В нескольких шагах от Монмартра ничего не знали о катастрофе. На площади Бланш, баррикада, защищавшаяся женщинами, сдерживала солдат Клиши в течение нескольких часов. Затем они двинулись против баррикады на Пигале, которая пала примерно в два часа дня. Ее командира провели перед командиром версальского батальона. – Кто ты? – спросил офицер. – Левек, масон, член ЦК. – Офицер разрядил в его лицо свой револьвер. Солдаты добили революционера.
На другом берегу Сены наше сопротивление было более успешно. С утра версальцам удалось занять Вавилонские казармы и Л’Аббе-о-Буа, но на перекрестке дорог в Круа-Руж их остановил Варлен. Перекресток выделялся в обороне Парижа. Все улицы, ведшие к нему, были основательно забаррикадированы, этот оплот обороны оставили только тогда, когда пожары и разрывы снарядов превратили его в руины. По берегам реки 67-ой, 135-й, 138-й батальоны упорно сопротивлялись при поддержке стрелков и добровольцев на улицах Л’Университе, Сен-Доминик, Сен-Жермен и де Греней. На улице Ренн и прилегающих бульварах версальцы обессилели. На улице Вавен, где держал оборону Лисбон, противник встретил сильное сопротивление. В течение двух дней этот аванпост сдерживал наступление со стороны Люксембурга.

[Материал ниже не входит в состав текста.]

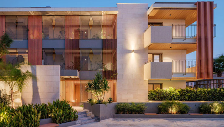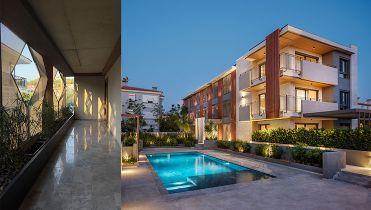 Geleneksel İzmir apartmanlarından ilhamla tasarlanan balkon detaylarında, alüminyum profiller, doğal taş kaplamalar ve brüt beton yüzeyler göze çarpıyor. Daire içi çözümler, gün ışığını ve manzarayı maksimize etmeye odaklı olarak planlanırken, dış cephede kullanılan malzemeler ise bölgenin iklim koşullarına uyum sağlıyor.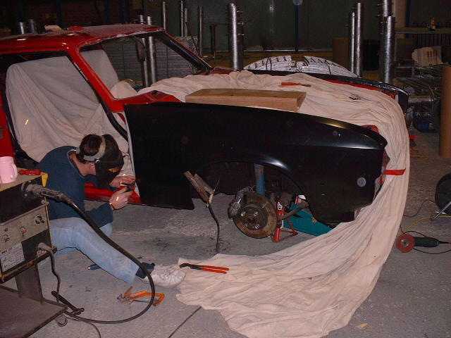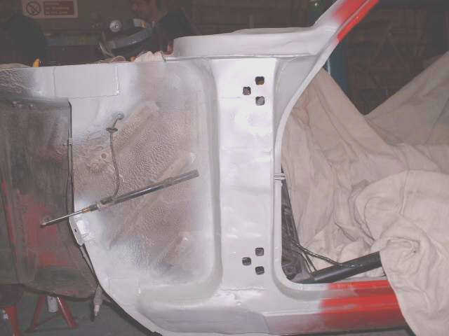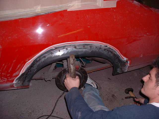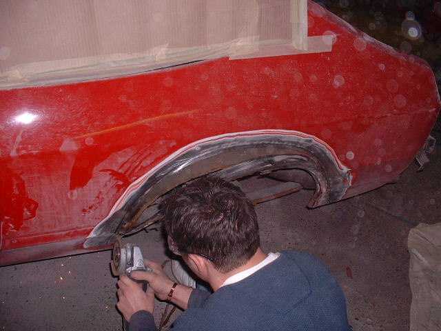A view of the rusty rear arch (the paint has been removed to see how far back it was rotten) Aston busy removing the outer arch skin,

С левого края наши позиции были менее прочны. В начале дня версальцы окружили кладбище Монпарнас, которое удерживала горстка бойцов. У ресторана Ришефо федералы, подпустив противника ближе, повели огонь из пулеметов, но безуспешно. Версальцев было достаточно много, чтобы окружить защитников кладбища со всех сторон и взять его штурмом. Оттуда, пройдя редуты четырнадцатого округа, они вышли на площадь Сен-Пьер. Укрепления на авеню Италия и дороге на Шатийон, задолго до этого хорошо подготовленные, но только для фронтального боя, были взяты с тыла через шоссе на Мэн. Вся оборона перекрестка Катр-Шемен сконцентрировалась вокруг церкви. С высоты колокольни около десятка федералов Монружа поддерживали баррикаду, которая перегораживала две трети Шоссе на Мэн. Тридцать человек удерживали ее в течение нескольких часов. Наконец, кончились патроны. Трехцветный флаг установили на мэрии, в то же время он развевался над холмами Монмартра. Отсюда был открыт путь на площадь Анфер, и версальцы добирались туда после обстрела с Обсерватории, где занимали позицию несколько федералов.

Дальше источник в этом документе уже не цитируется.